SFU Health Science professors Angela Kaida (2nd from left) and Robert Hogg (middle) with fellow HIV researchers.

New study finds previously incarcerated women with HIV less likely to adhere to HIV treatment

July 25, 2016
Print

By Ian Bryce

The British Columbia Centre for Excellence in HIV/AIDS (BCCfE) has released new research that finds previously incarcerated women with HIV are three times more likely to have poor adherence to combination anti-retroviral therapy than HIV positive women who have not been incarcerated.

Simon Fraser University health sciences professor and principal investigator of the study at the BCCfE, Angela Kaida, presented the findings at the 21st International AIDS conference in Durban, South Africa.

The research comes from a survey conducted by Canadian HIV Women’s Sexual & Reproductive Health Cohort Study (CHIWOS), Canada’s largest multi-site community-based cohort study, with 1,425 women living with HIV enrolled in the provinces of British Columbia, Ontario and Quebec.

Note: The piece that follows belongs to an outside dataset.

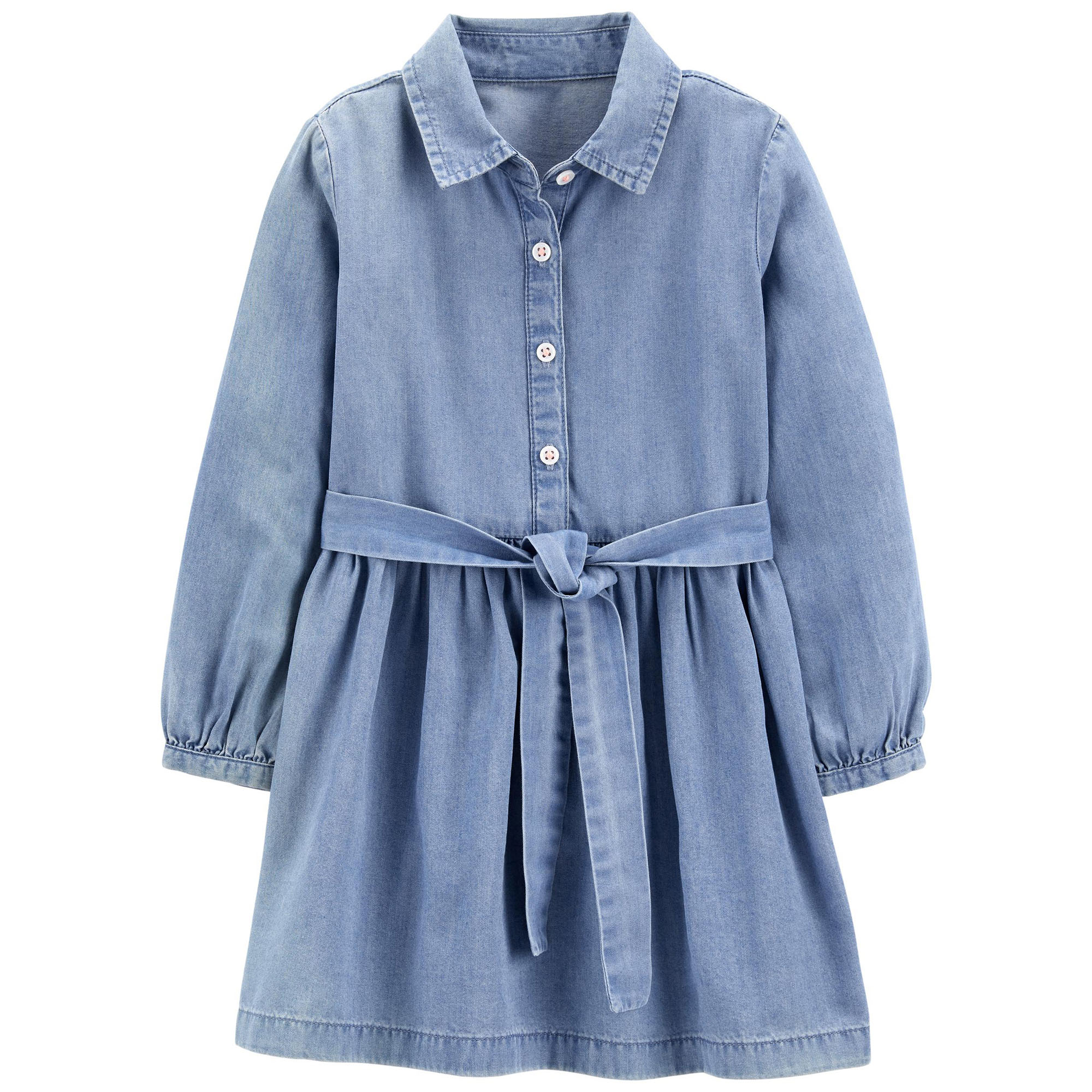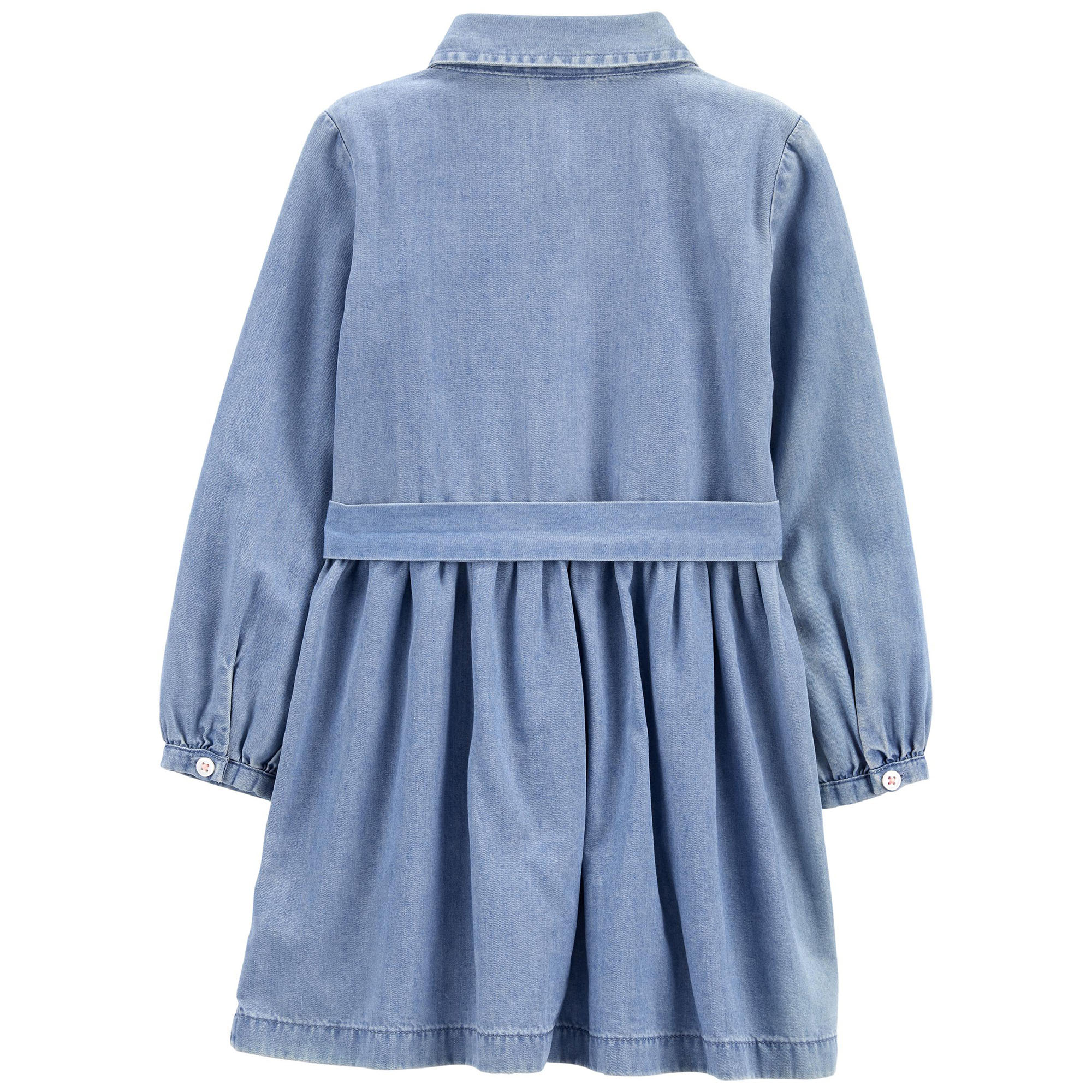 Ця сукня-сорочка із застібкою на гудзики ідеально підійде вашій дівчинці! Довгі рукави, дизайн з гудзиками спереду. Попередньо випрано для м'якості. Склад: 64% бавовни, 36% lyocell indigo denim. Можна прати в пральній машині.

Key findings from the study include that 30 per cent of study participants had been incarcerated with six per cent having been incarcerated in the past year. Recently incarcerated women with HIV were three times as likely to be lower income and live in unstable housing than women who had never been incarcerated.

“This research shows the urgent need for programming that provides women with the necessary health and social supports following incarceration,” says SFU health sciences professor Robert Hogg, also a principal investigator of the study.

Access and adherence to combination antiretroviral therapy, the standard for HIV treatment, is critical for both individual health and HIV prevention efforts.

Over the last decade, HIV infection among women in Canada has increased. At the end of 2014, an estimated 16,800 Canadian women were living with HIV—almost double the estimate from 1999. The prevalence of HIV infection is much higher for incarcerated women and men in many countries, including Canada.

“Women living with HIV with incarceration history are among the most vulnerable and marginalized members of our community,” says Valerie Nicholson, an Indigenous woman living with HIV and co-Chair of the CHIWOS Community Advisory Board and Chair of the BC Positive Living Society.

“We must provide the support necessary to improve their health and minimize the damaging effects of the cycle of poverty, ill health, and incarceration,” she says.